Heroes, on the other hand, are, however, not the kind of heroes – superheroes or role models one finds in other fiction or movies – but are the doctors and the volunteers who help them, or even, as Applebaum says: “a civil servant, Monsieur Grand, who seeks to deal with the plague by recording it, measuring it, and keeping track of what has happened: ‘This insignificant and self-effacing hero who had nothing to recommend him but a little goodness in his heart and apparently a ridiculous ideal. This would be to give the truth its due, to give the sum of two and two as four.’ Grand, Dr Rieux, and a few others try to use science, transparency, and accuracy to contain and control the disease and to save as many people as possible, without giving in to hysteria or despair: ‘It may seem a ridiculous idea, but the only way to fight the plague is with decency’.”

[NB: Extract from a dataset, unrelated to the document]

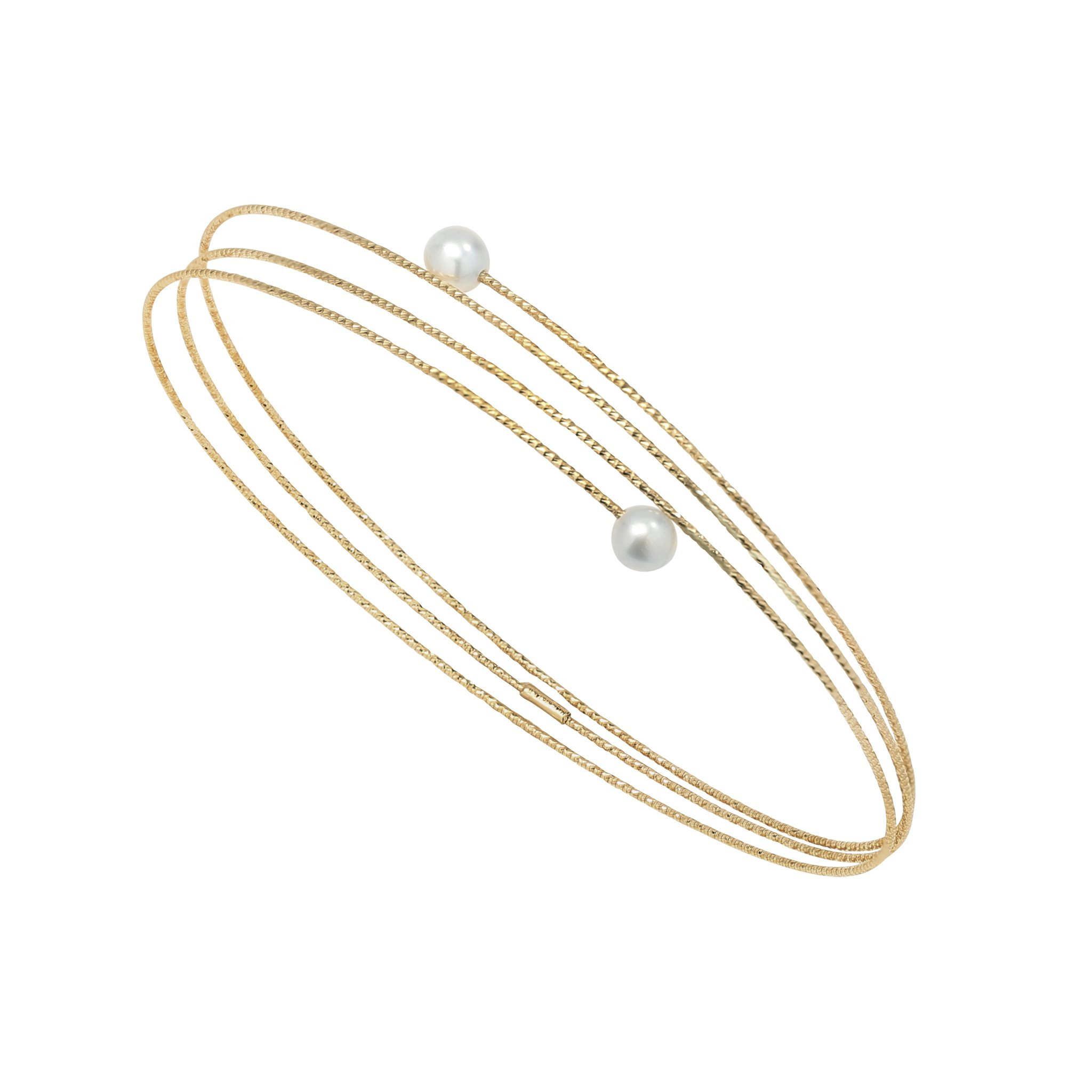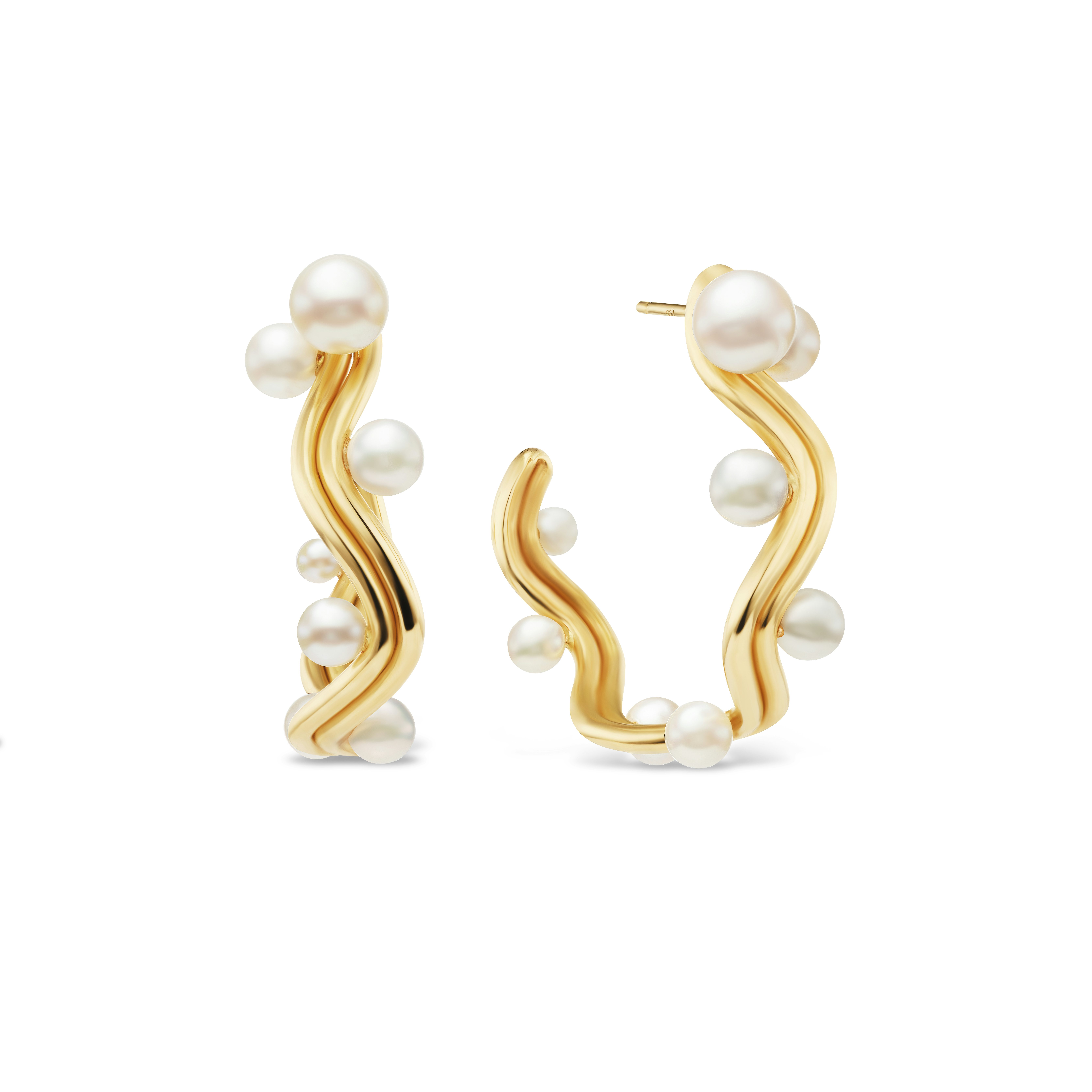 Mimicking the fluid motion of the tide, with luminous pearls delicately spaced like notes, these Wave Pearl Hoop earrings are handcrafted in 18-karat yellow gold with Akoya

I agree with Applebaum, who adds:
These are the kinds of people who will be the heroes in our era, too. The scientists and public-health scholars who immediately put out information about numbers and cases; the research teams that immediately began to work on vaccines; the nurses and doctors who immediately decide to remain inside quarantined regions, as many did in Italy, as well as in Wuhan, China. Not all of their judgments will be correct, and they will not always agree with one another: There is no precise way to determine which quarantines and cancellations are prudent and which are unreasonable, given the potential economic effects on the one hand, and the real desire to slow the spread of the epidemic on the other. In Italy, there have already been a few public squabbles among virologists who have different estimates of how bad the disease will be. … But at least they have the public’s interest at heart.